Diketahui HM Rifai lahir dan dibesarkan dari keluarga petani, suka duka dalam menjalani kehidupan pernah ia rasakan, hingga iapun mampu sukses sebagai orang nomor satu di Bumi Bende Seguguk ini. “Saya dibesarkan dari keluarga petani, dan saya bangga jadi anak petani.”ungkapnya.
Sebelumnya pemerintah Desa Pulau Gemantung, Kacamatan Tanjung Lubuk, Kabupaten OKI mengaku kecewa karena bangunan embung yang dibangun pada Oktober 2017 lalu tidak bisa difungsikan petani lantaran sudah roboh. “Ya, kami juga kecewalah dengan kondisi bangunan itu, tidak ada koordinasi dengan kami. Bahkan sudah rusak,” ungkap Kades Pulau Gemantung, Sazali.
Sazali mengatakan, sebagai pimpinan desa, setidaknya bisa memberitahukan kepada pihaknya kalau disana bakal ada pembangunan. “Justru waktu ada material bangunan, warga bertanya kepada saya.

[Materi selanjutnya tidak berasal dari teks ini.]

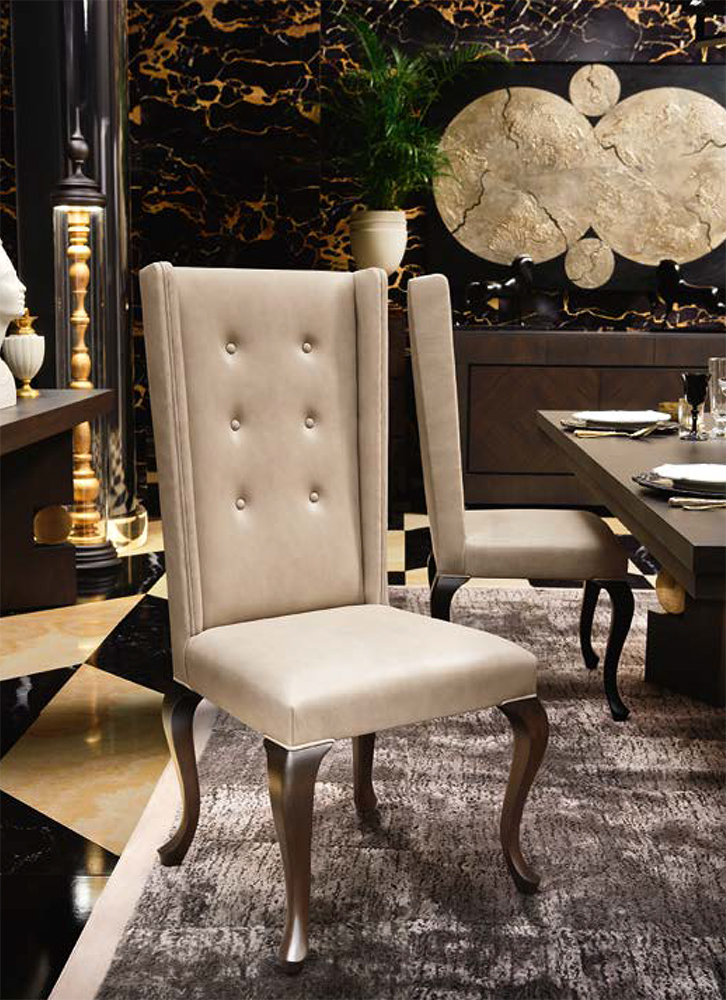 Chair with leather upholstery on beech legs Clelia from the Italian manufacturer Smania. The model is made in art Deco style. The frame is made of wood, upholstery - textiles or leather of your choice. Curly legs made from beech. Colours in stock. Clelia chair is incredibly comfortable with its soft seat and backrest. This chair is suitable for living room and dining room.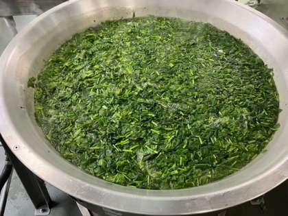 ほうれんそうのごまあえは、ゆでたほうれんそうに、すりごま、砂糖、うすくちしょうゆで作ったタレをかけ、いりごまをふり、あえています。こちらもとてもおいしい一品でした。

Bahwa itu bangunan desa. Saya bilang bukan, dan saya juga tidak tahu bangunan itu, eh ternyata bangunan pertanian. Ya apa salahnya kalau koordinasi.”ungkapnya.
Rusaknya bangunan Embung di Desa Pulau Gemantung, Kecamatan Tanjung Lubuk, Kabupaten OKI sebelumnya menjadi sorotan. Trisno pemerhati pembangunan di Kabupaten OKI, mengklaim bangunan tersebut tidak sesuai dengan spek pekerjaan. “Misal seharusnya pakai besi 12 ks fakta di lapangan tidak demikian.” kata pria yang akrab disapa Okon ini. Trisno juga menuding, pihak UPTD Pertanian lemah pengawasan.”Lemahnya pengawasan dari pihak UPTD. “tudingnya.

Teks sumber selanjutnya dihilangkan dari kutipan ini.